2006-12-04 16:26:49

by Chen, Kenneth W

[permalink] [raw]
Subject: [patch] remove redundant iov segment check

The access_ok() and negative length check on each iov segment in function
generic_file_aio_read/write are redundant. They are all already checked
before calling down to these low level generic functions.

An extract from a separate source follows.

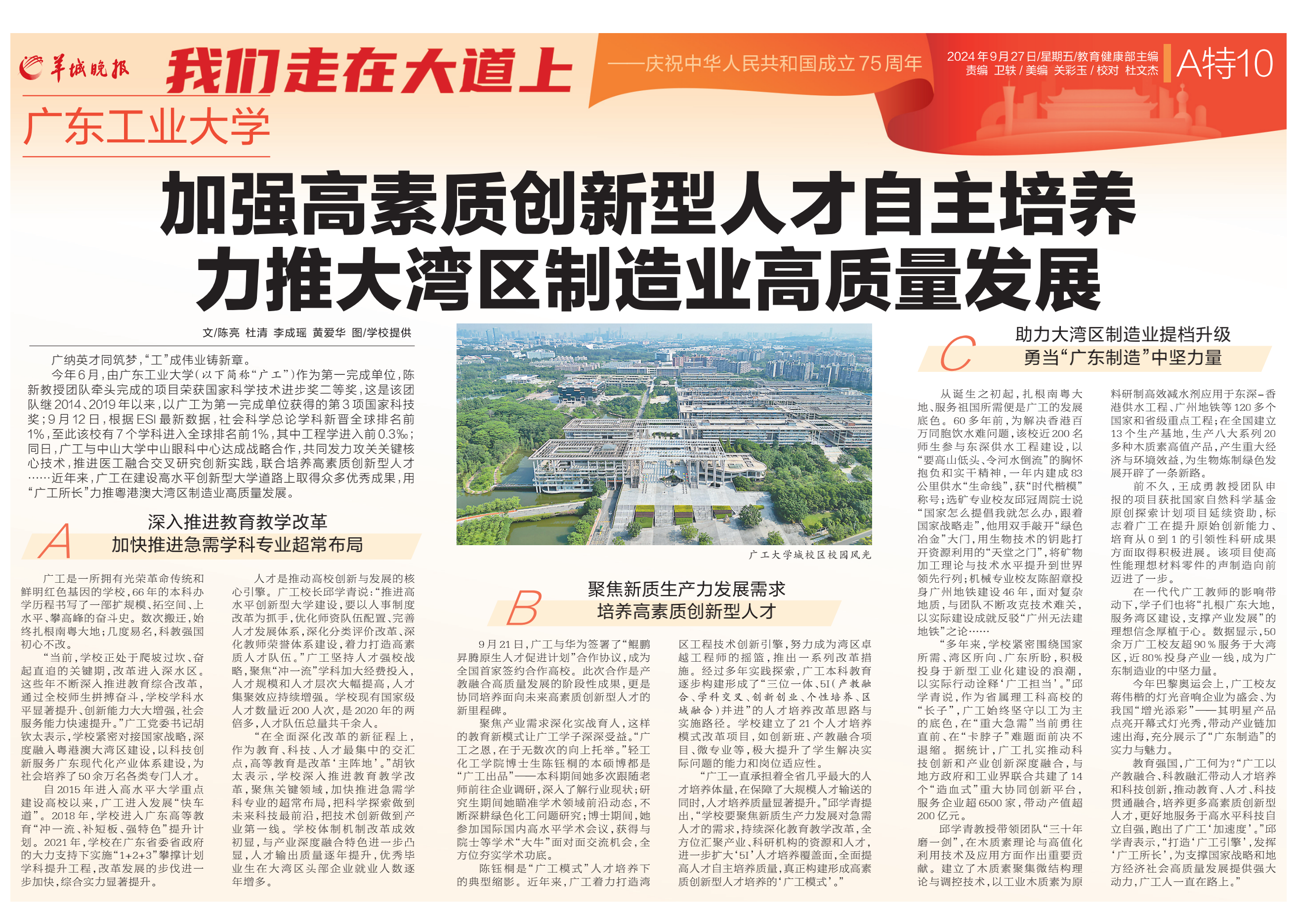 网址链接:羊城晚报-加强高素质创新型人才自主培养 力推大湾区制造业高质量发展 (ycwb.com)

Vector I/O (both sync and async) are checked via rw_copy_check_uvector().
For single segment synchronous I/O, the checks are done in various places:
first access_ok() is checked in vfs_read/write, the negative length is
checked in rw_verify_area. For single segment AIO, access_ok() is done
in aio_setup_iocb, and negative length is checked in io_submit_one.

So it's not possible to call down to generic_file_aio_read/write with invalid
iov segment. Patch proposed to delete these redundant code. Also moved
negative length check for single segment AIO into aio_setup_single_vector
to somewhat mirror aio_setup_vectored_rw that they check illegal negative
length. It fits better there too because iocb->aio_nbytes is now double
duty as segment count for vectored AIO, and checking negative length in
the entry point of all AIO isn't very obvious.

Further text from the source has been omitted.